Through my research (googling) of women taking the role of working mother versus housewife I came up with some very surprising, very interesting conclusions concerning the topic of the “working woman”. This is a basic summary of what I found though of course there are always exceptions.

From the time of Christ (and certainly since the beginning of time) up until the 1700s women did not work outside the home. They were employed to sew and take care of the children. Their education also consisted of basic reading and writing skills (varying over the ages depending on the era ie in the dark ages it was mostly only the wealthy and the monks who were educated). Women took care of their homes.


According to the writings of Jane Austen which focuses on life in the late 1700s and early 1800s women did not work.
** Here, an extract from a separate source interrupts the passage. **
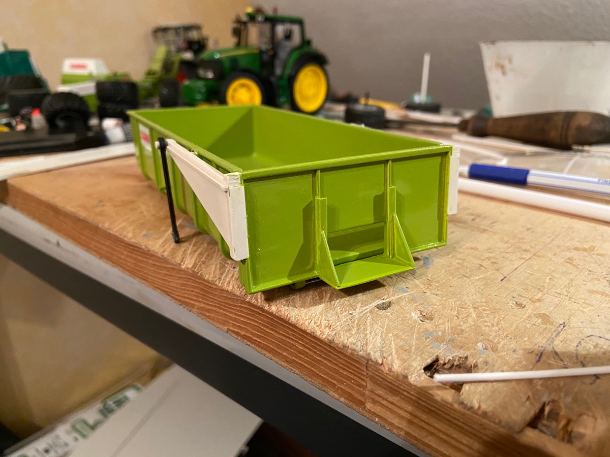 Für die Claas Mulde habe ich mir jetzt andere Reifen besorgt, die passen besser zu 1:1 Vorbild. außerdem habe ich der Klappe einen funktionierenden Kornschieber verpasst und den Häckselaufbau fast fertig gestellt. Also ich dachte er wäre fast fertig. Leider ist mir dabei ein kleines Malheur unterlaufen, sodass ich da nochmal ranmuss, damit die Klappe auch weiter aufgeht.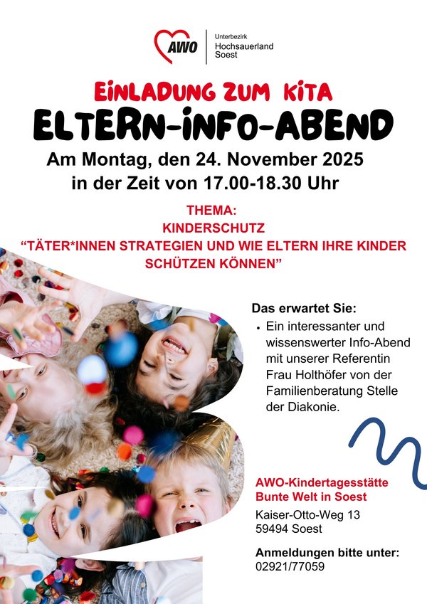Der Info-Abend findet in der AWO Kita Bunte Welt in Soest statt:

At best a woman without inheritance or who didn’t marry into wealth would become a governess (a type of live-in teacher) who educated the children of wealthy families in geography, literature, foreign languages and accomplishments such as the pianoforte or painting. Higher education was not available to women and at this time women were under the care of either their fathers or their husbands. They had no social or marital responsibility to work and earn a living.



The start of women taking paid work came about in 1800s at the start of the industrial revolution. Women moved from the country where they worked on farms to the towns where they worked in factories. These women needed the money and were willing to take low pay in harsh working conditions.  Women still were not working as professionals.


Up until about the 1950s women worked until they got married and had children. These jobs usually included nursing, teaching or secretarial work. At the start of World War 2 men went off to war and women were left to hold the fort. Labour was short and the government needed women to step into men’s jobs so that economies would not collapse. This seems to have started the trend of mothers leaving home to work, where previously it was mostly single women or widows who would work. This continues today with women taking ever higher paid jobs.

My conclusion is this: women have always been industrious whether they worked to clothe and feed their families or whether they worked outside the home to earn an income. Always industrious and always worthy. With the progression of time women have received better education and more options in terms of career, but at the same time seem to receive less care and regard from the men who should be caring for them. One side of the scale tips up; the other tips down. We pile onto the man's side of the scale and we all sink as a result (higher divorce rate; troubled teens; increased violence)... Again it comes down to masculinity and femininity: there are two sides to the scale. The question is, how does this scale balance in an environment where mothers work; how does it work in the society we have created today?